“May you live in interesting times”
Like COVID-19 itself, the above phrase purportedly originated in China before becoming commonplace throughout the Western world. While linguistic experts now believe the saying has no roots to China at all (unlike COVID-19), it’s still highly relevant to the current market environment. Seemingly a blessing, “may you live in interesting times” is actually more of a curse: life tends to be better in "uninteresting times" of peace and tranquility than in "interesting" ones, which are usually times of trouble.

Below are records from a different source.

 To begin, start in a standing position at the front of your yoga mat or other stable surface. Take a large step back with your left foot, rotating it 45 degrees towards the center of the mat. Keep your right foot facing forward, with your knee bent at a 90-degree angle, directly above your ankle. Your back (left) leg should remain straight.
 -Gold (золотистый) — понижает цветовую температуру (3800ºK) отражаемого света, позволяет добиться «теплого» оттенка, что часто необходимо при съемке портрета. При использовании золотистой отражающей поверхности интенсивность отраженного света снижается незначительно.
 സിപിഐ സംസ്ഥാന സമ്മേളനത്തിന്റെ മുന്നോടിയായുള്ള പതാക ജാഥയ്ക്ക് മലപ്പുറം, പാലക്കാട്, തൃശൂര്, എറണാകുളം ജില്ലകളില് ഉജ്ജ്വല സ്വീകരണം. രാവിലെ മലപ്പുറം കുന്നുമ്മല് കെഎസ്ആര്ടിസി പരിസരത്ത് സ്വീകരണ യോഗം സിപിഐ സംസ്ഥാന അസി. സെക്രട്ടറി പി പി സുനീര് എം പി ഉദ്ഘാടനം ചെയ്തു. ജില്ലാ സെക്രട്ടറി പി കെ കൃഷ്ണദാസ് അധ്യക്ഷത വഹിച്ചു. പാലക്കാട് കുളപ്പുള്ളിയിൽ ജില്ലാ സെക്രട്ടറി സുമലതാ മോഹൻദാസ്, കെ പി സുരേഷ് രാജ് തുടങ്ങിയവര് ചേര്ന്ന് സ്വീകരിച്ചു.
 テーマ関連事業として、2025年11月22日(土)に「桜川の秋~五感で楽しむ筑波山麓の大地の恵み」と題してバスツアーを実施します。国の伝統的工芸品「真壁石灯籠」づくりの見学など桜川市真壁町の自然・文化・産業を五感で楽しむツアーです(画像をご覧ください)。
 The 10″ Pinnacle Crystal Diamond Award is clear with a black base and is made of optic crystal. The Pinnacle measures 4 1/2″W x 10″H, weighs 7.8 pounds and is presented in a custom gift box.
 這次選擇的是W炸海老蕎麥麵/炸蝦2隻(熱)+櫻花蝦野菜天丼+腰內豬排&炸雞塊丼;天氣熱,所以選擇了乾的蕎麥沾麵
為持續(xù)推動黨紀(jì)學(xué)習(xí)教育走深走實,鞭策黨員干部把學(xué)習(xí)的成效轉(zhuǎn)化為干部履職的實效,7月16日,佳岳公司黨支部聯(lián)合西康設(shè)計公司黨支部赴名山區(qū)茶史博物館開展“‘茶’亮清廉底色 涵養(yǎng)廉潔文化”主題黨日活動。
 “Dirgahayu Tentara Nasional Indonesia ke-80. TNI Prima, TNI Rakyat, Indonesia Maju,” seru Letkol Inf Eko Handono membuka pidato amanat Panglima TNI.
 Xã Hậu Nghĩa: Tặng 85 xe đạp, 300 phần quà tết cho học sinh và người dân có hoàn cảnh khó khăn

Following an “uninteresting” year of low volatility throughout 2019, things have certainly gotten “interesting” for global stock markets in 2020. The rapid spread of COVID-19 from China throughout the planet is leading to massive health, social, and economic upheaval, driving global stock indices sharply lower in an unprecedented, coordinated fashion. On Monday March 16 alone, nearly every single stock in the S&P 500 fell on the day, while the broad index fell nearly -12%, its worst single-day performance in over thirty years. It took US indices a mere 20 days to fall from record highs into “bear market” (-20%) territory, by far the fastest drop on record.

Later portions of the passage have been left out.